AMCBCZ0XDZ100SMiASi??'"?Icd(ZHS2000-943_70:2:2301:14923:121232@("("("("("("("("("("("("("("("("(""%%##%'&##'((&''($'((($'($&%&'%%&&'(("'#%#&'&&$&(&((  !%!ASi?'!" !!!!""BCZ0XDZ100SMiIAd?sHS2000-905_68:3:1102:3166:478590?B ?"?"?"?"?"?"?"?"?"("("("("("("("!"%%##%''''#''!'(&'%'((%$&&(('('"'!'&(&!'&"# %&#&&$"!! "BCZ0XDZ51^1$30^CCCT$18SMiASi?'"I?d'HS2000-943_70:2:1302:17909:144833"("("?"?"?"?"?"?"?"("(!"!"?$!(!!"!"!"%%# #'#%!#& #%$###%%"!'(#'"!H0CH1CH2CBCZ0)'"IYd????????HS2000-943_70:2:1302:17909:144833@($""(!?"?"$?"?"?"??""("("("("("("("!


I can see the making of a real read in there, (i.e the read name: HS2000-943_70:2:2301:14923:121232) but most of it is illegible. Perhaps I should be reading in entire blocks and then decompressing further? I am not sure. I have also tried reading the file using the bgzf biopython module and receive the same results.

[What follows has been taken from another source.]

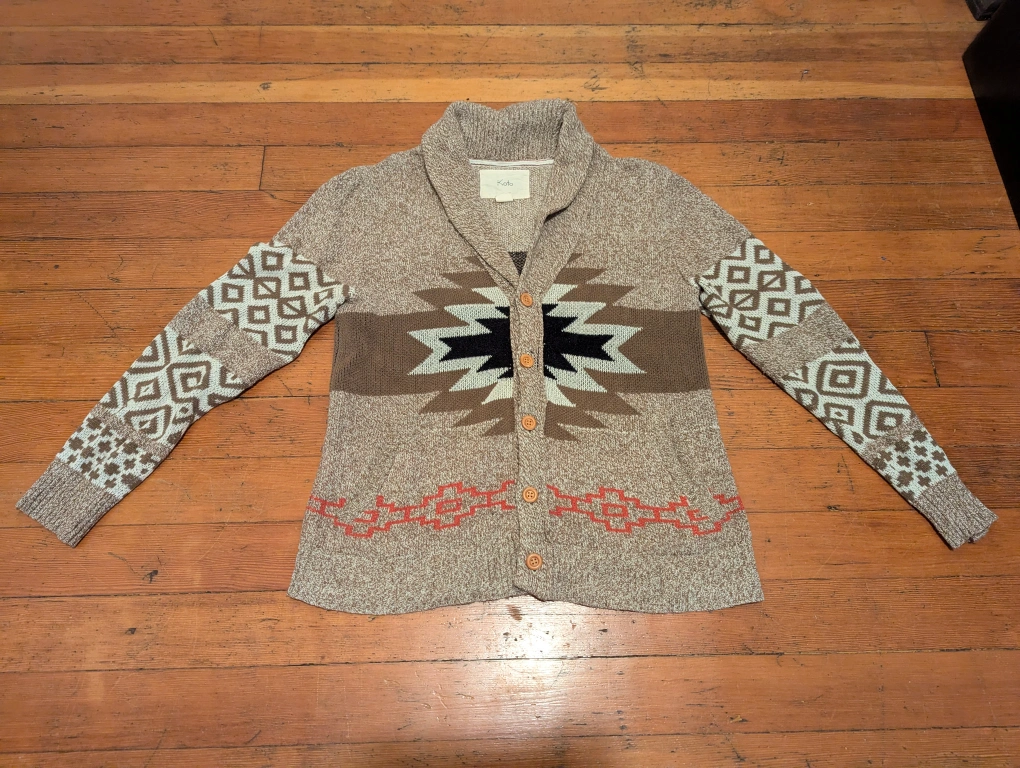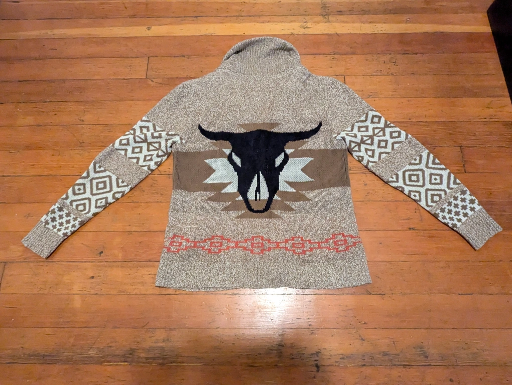 KOTO Aztec Tribal Cardigan Sweater. Southwestern Bull on the back. Cotton Wool blend. Size medium. Would fit women's large and men's small/ medium. Pick up in the West End of Vancouver

I am aware of the BioStars question here. However, I feel given the explicit declaration in the SAM file specification that the files are readable by gzip, the answers (to use pysam) was inadequate.

BAM gzip • 6.2k views
9
Entering edit mode
7.8 years ago

Well the reads are still in binary, rather than in a text format like in a SAM file (i.e., decompressing a BAM file won't give you a SAM file). The format for a BAM file is mentioned in the SAM spec., so you'll need to write an interpreter to parse the binary (it'd be much easier to just use pysam).

0
Entering edit mode

Thank you. This makes sense.

Do you have any idea how I would go about doing this? I would quite like to do this as a learning exercise.

I assume that the samtools must do this somewhere so I suppose I'll start by inspecting the relevant part of samtools.

0
Entering edit mode

You'll definitely want to have a look at the samtools C code (use the version from sourceforge rather than github, since the former is more self contained). You'll end up making a bunch of custom structures that will parallel those used in the C code (and pysam) and then using f.read(some_number) to fill in the various components.

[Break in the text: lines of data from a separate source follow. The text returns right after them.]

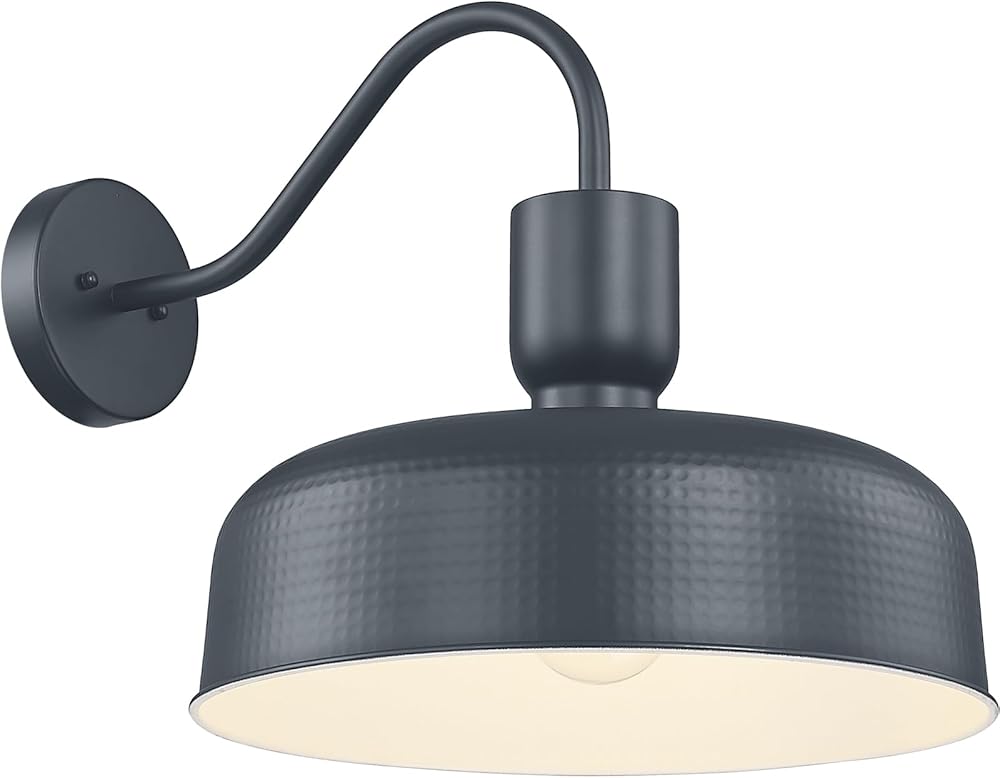 Darkaway Gooseneck Outdoor Light Fixture, Large Industrial Barn Wall Sconce Farmhouse Exterior Wall Mount Lighting with Hammered 18inch Dome Metal Shade for House Garage Porch Entry Hallway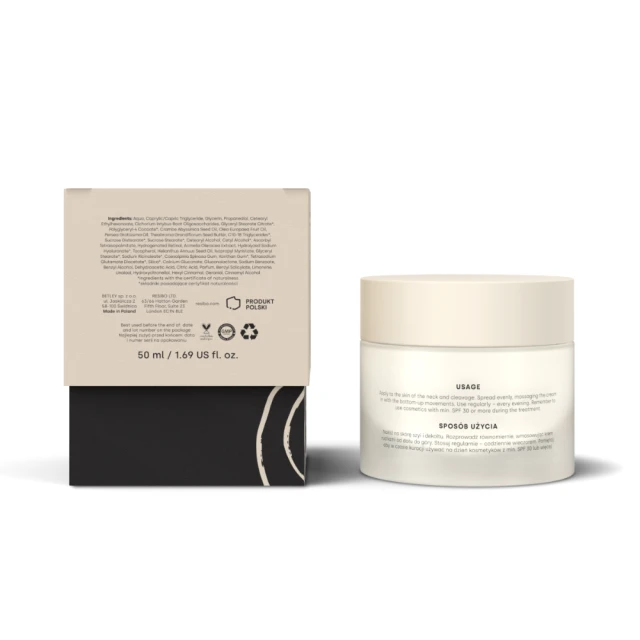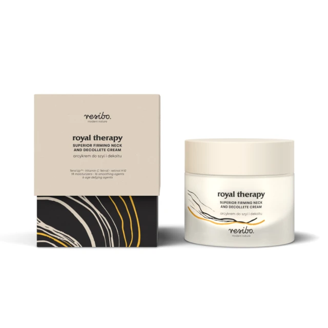 Resibo Royal Therapy Neck & Decollete Cream to skoncentrowany krem stworzony specjalnie z myślą o delikatnej skórze szyi i dekoltu. Zapewnia intensywne modelowanie, poprawia koloryt oraz redukuje przebarwienia, przywracając skórze młodszy i bardziej jędrny wygląd. Idealny dla osób, które chcą uzupełnić swoją codzienną pielęgnację o kompleksową troskę o te często pomijane obszary.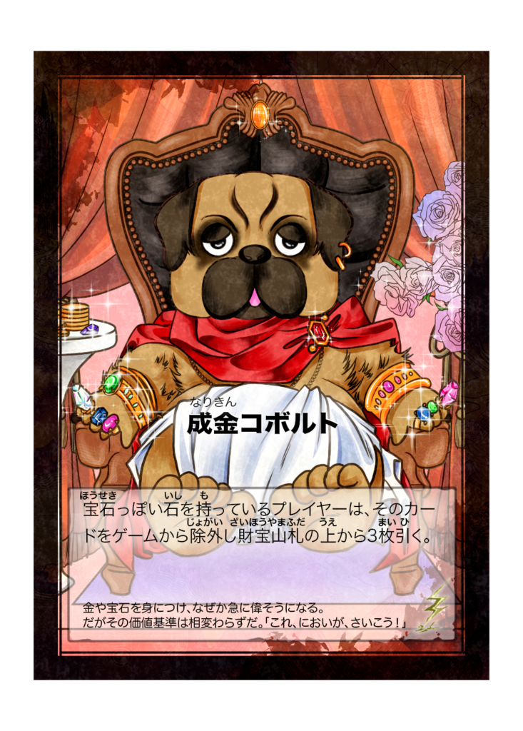 カード名 成金コボルト(なりきんこぼると) 分類 イベント カード効果 宝石っぽい石を持っているプレイヤーは、それをゲームから除外し財宝山札の上から3枚引く。 フレイバーテキスト 金や宝石を身につけ、なぜか急に偉そうになる。だがその価値基準は相... -
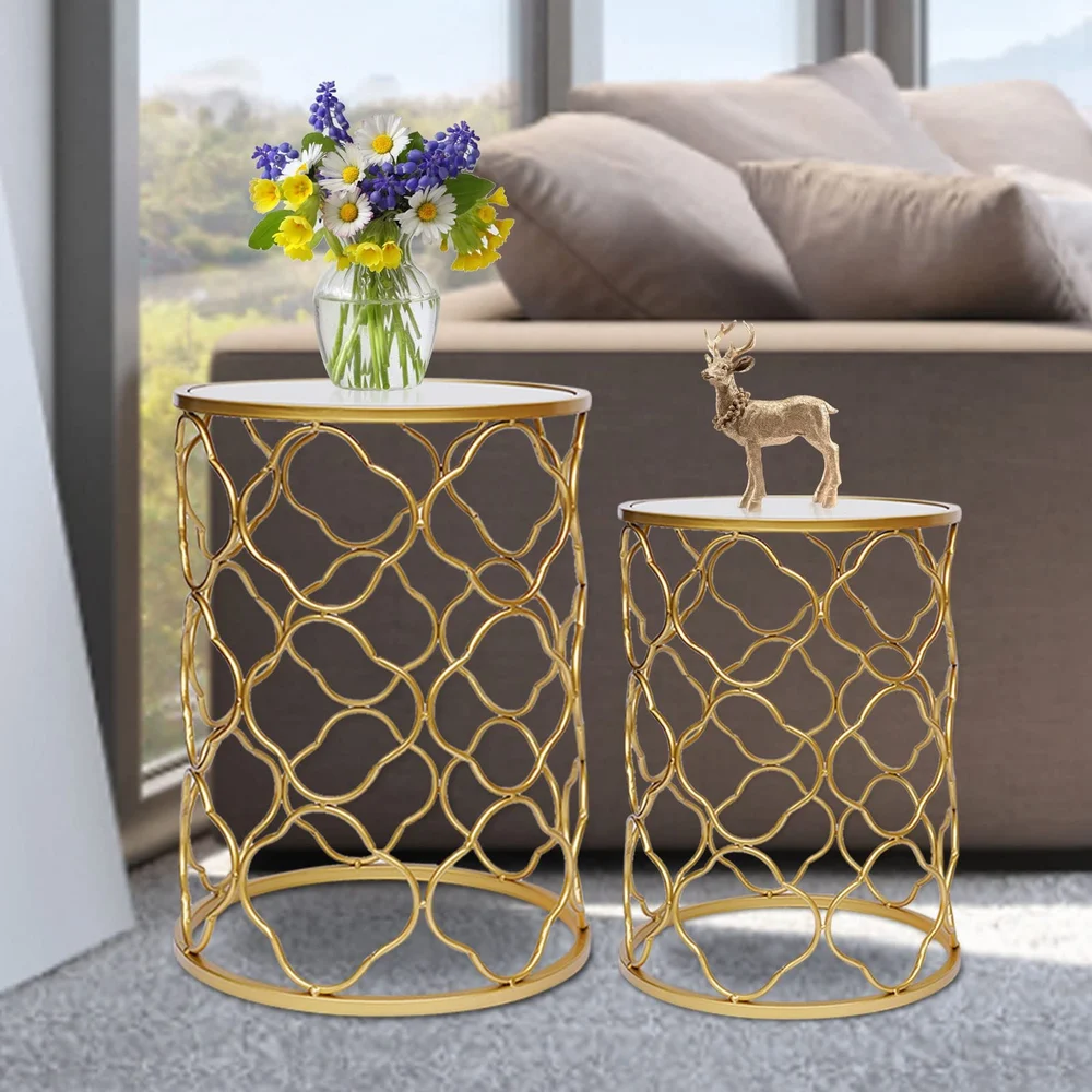 Polis Glass Top And Gold Finish Side Table – Set of 2

It's good that you're only doing this as an exercise, since it'd be quicker to just rewrite pysam :)

2
Entering edit mode
7.8 years ago

Take a look at Peter Cock's SamBam2014 Biopython branch. He wrote the bgzf interface as well as some BAM/SAM classes that replace most of pysam with the exception of the pileup engine. I've been meaning to test it, as this is a pure Python BAM reader/class/writer, and should have a better object interface than pysam.

1
Entering edit mode

Peter also made sure it's compatible with py2, py3, pypy, and Jython, and wrote tests to compare output to samtools and pysam.

0
Entering edit mode

This looks interesting. Many thanks!